Beyond academia, Agus has been an active participant in
various industry-related pursuits. These experiences catalyzed his
involvement in startup activities across the United States, South Korea,
and Indonesia. As a leading figure in these entrepreneurial endeavors,
Agus co-founded and provides advisory services to over 10 small and
medium-sized technology enterprises. His knowledge and skills are often
sought after, enabling him to offer consulting services to various
companies both in the country and abroad, including some Fortune 500
firms.
In addition to his academic and professional undertakings,
Agus has made contributions to the field of robotics and unmanned
systems through his published works. His authored books include
"Autonomous Control System and Vehicles. Intelligent Unmanned System,"
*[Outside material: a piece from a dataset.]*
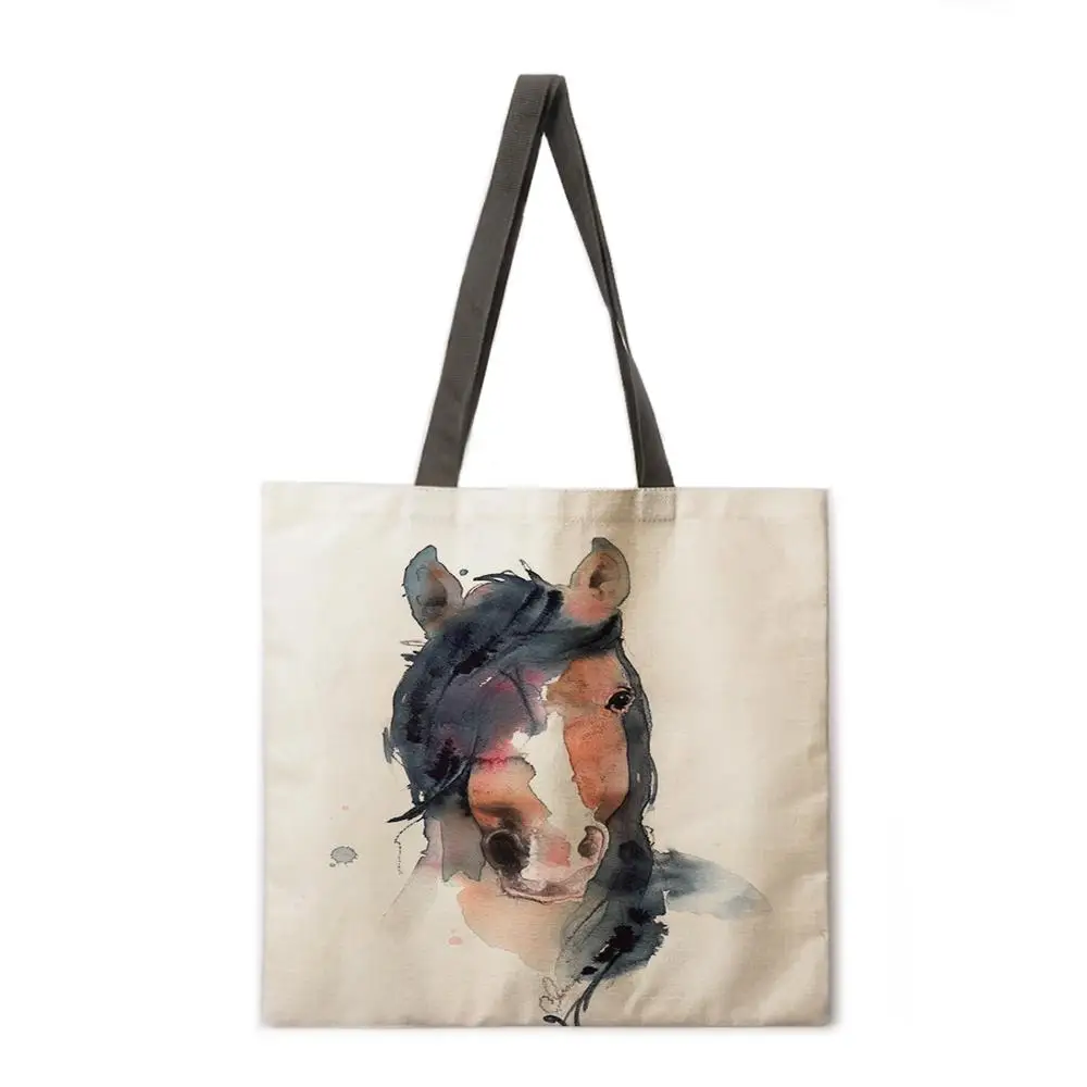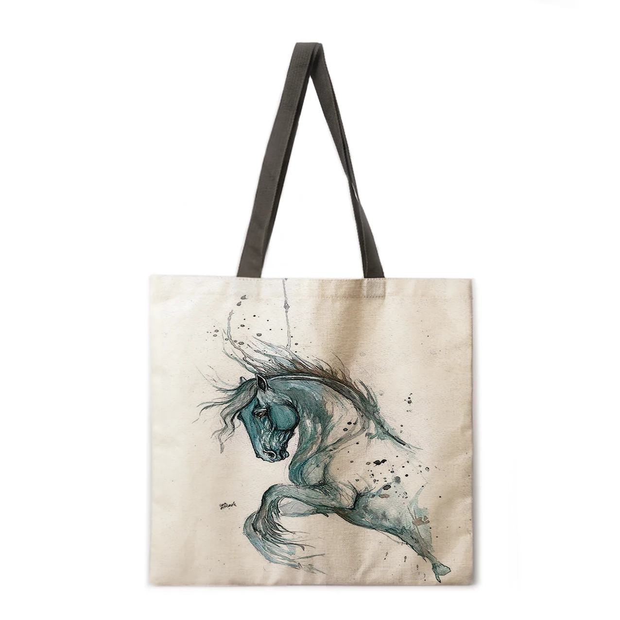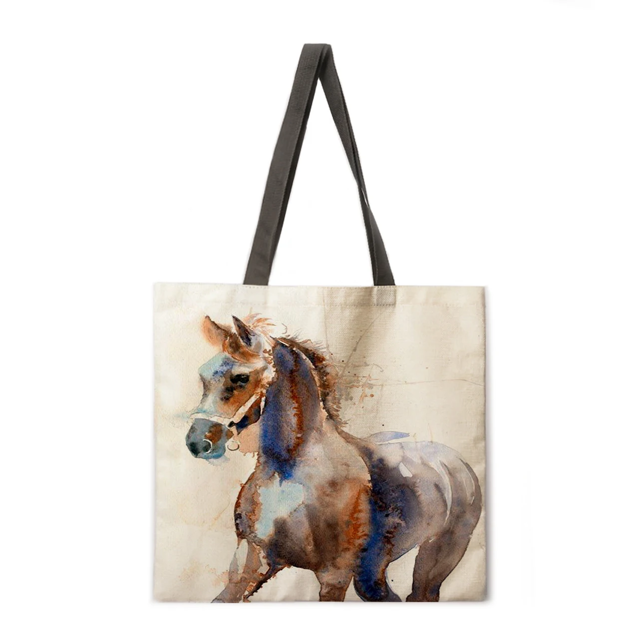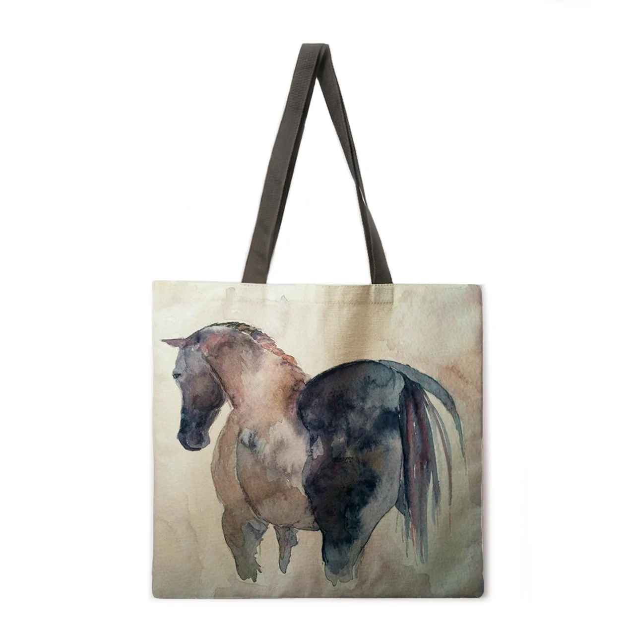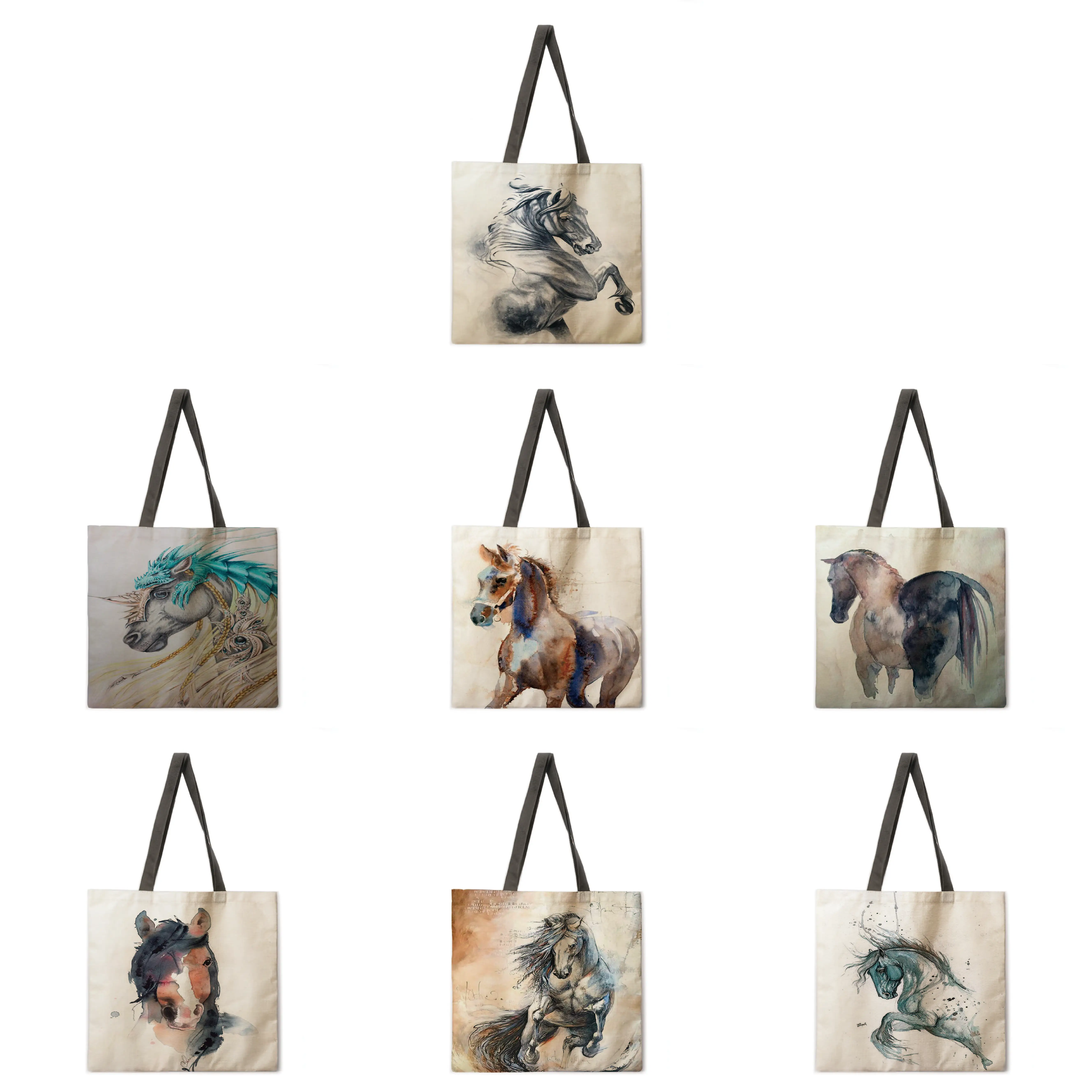 Сумка-тоут для отдыха с рисунком лошадей, льняная многоразовая уличная пляжная сумочка для покупок, тоут для отдыха

published by Springer Verlag in April 2013, co-edited with Kenzo Nonami,
Muljowidodo Kartidjo, and Kwang-Joon Yoon. His other notable work,
"Intelligent Unmanned Systems: Theory and Applications," co-edited with
B. Riyanto and E. Joelianto, was published under the Studies in
Computational Intelligence (SCI) series by Springer Verlag in April
2009.
Agus's influence extends to the world of academic journals,
where he has served in prominent editorial roles. Since 2013, he has
been the Editor-in-chief of the Journal of Unmanned System Technology
(JUST), published by UNSYSdigital, Korea. He was also the founding
Editor-in-chief of the International Journal of Intelligent Unmanned
System (IJIUS), produced by Emerald Publishing, UK, between 2012 and
2016. He is presently the President of International Society of
Intelligent Unmanned Systems (ISIUS), the society has organized its
flagship international conference (ICIUS) for the last 21 years.
Speech Title: Enhancing Unmanned Systems with
RTK-GNSS
Abstract: GNSS is used for positioning in unmanned
aircraft systems, such as multicopters.
Using position information
from GNSS stabilizes the maneuverability of unmanned aircraft systems
and simplifies operation, not only for autopilot but also for manual
control.
This has contributed to the development and spread of
current unmanned aircraft systems.
However, conventional GNSS has
positioning errors of several meters. Especially in the vertical
direction, errors can be significant, necessitating the use of pressure
sensors or laser rangefinders. This can be a critical issue for precise
flight and navigation in UAVs.
In applications such as pesticide
spraying or cargo transport, positioning errors could lead to collisions
or failure to complete tasks.
Our research group has equipped
multicopters, surface boats, and fixed-wing aircraft with RTK-GNSS and
is using them for inspection and survey work as well as navigation
experiments.
Based on the results of these operations and
experiments, we have confirmed the accuracy and importance of position
control using RTK-GNSS.
Biography: Professor Dr Masafumi Miwa is
worldwide recognised expert UAV engineering and technology. In 1996 he
was appointed as Assistant Professor at Wakayama University, Faculty of
System Engineering, 2007 Associate Professor at Tokushima University,
Institute of Technology and Science, 2016 Associate Professor at
Tokushima University, Graduate School of Science and Technology, and
2017 Associate Professor at Tokushima University, Graduate School of
Technology, Industrial and Social Sciences.
Professor Miwa started
his research on UAV around 2000. After developing autonomous flight
controller using GPS with a single-rotor helicopter, he engaged in
research on multicopters and various drones. He is conducting research
and development on attitude control and autonomous control of various
drones incorporating thrust deflection technology, as well as on
peripheral technologies required to realize drone transport. In
addition, he is verifying the practical application of drone transport
by actually performing drone transport.
Speech Title: Smart Solutions ‘Enhancing Lives’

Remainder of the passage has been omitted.